<<<<

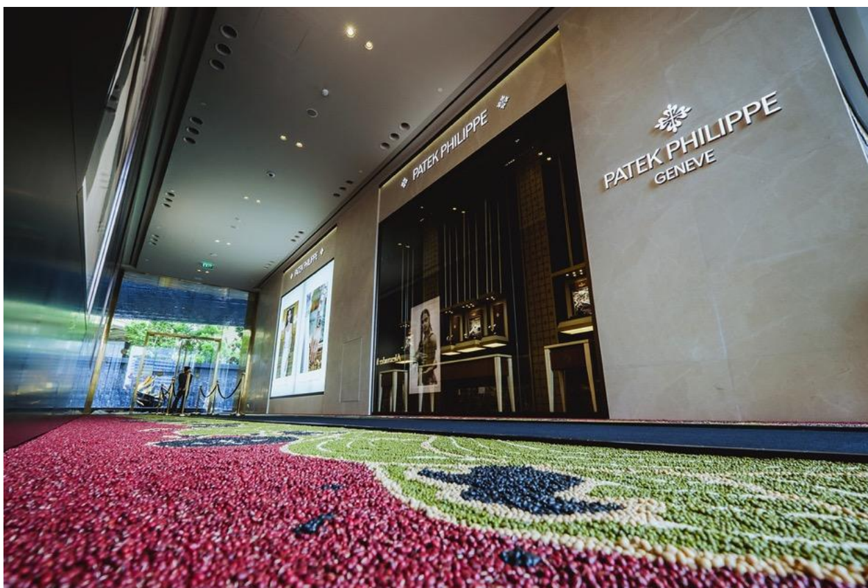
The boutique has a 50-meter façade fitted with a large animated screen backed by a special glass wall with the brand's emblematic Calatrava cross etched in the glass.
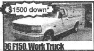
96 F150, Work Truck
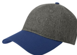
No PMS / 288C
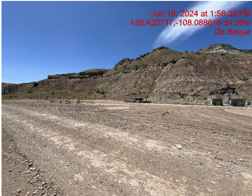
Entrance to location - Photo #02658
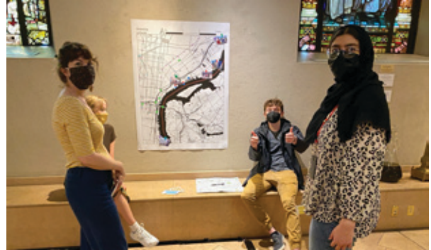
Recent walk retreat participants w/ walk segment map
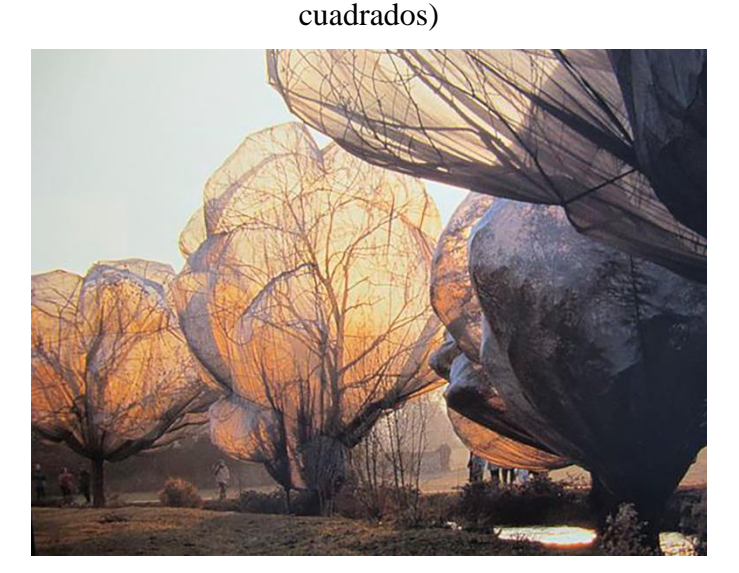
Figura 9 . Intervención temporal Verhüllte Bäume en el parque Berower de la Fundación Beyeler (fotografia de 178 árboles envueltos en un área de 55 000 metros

>>>>
<<<<

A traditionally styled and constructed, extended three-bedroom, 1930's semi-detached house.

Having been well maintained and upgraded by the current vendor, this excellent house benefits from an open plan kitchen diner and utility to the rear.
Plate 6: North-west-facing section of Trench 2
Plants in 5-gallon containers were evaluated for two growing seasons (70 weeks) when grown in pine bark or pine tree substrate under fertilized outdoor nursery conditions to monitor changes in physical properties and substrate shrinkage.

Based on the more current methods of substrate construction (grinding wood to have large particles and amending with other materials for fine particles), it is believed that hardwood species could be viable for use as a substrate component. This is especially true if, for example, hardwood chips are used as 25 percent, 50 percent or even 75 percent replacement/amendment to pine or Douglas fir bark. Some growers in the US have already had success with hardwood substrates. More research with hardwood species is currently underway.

>>>>

■ **What to work on**
Copy the lines above exactly, starting at the one with "The boutique has" and ending at the one with "Recent walk retreat", both included. Leave out any pictures and add nothing else.

■ **Answer to the exercise**
The boutique has a 50-meter façade fitted with a large animated screen backed by a special glass wall with the brand's emblematic Calatrava cross etched in the glass.
96 F150, Work Truck
No PMS / 288C
Entrance to location - Photo #02658
Recent walk retreat participants w/ walk segment map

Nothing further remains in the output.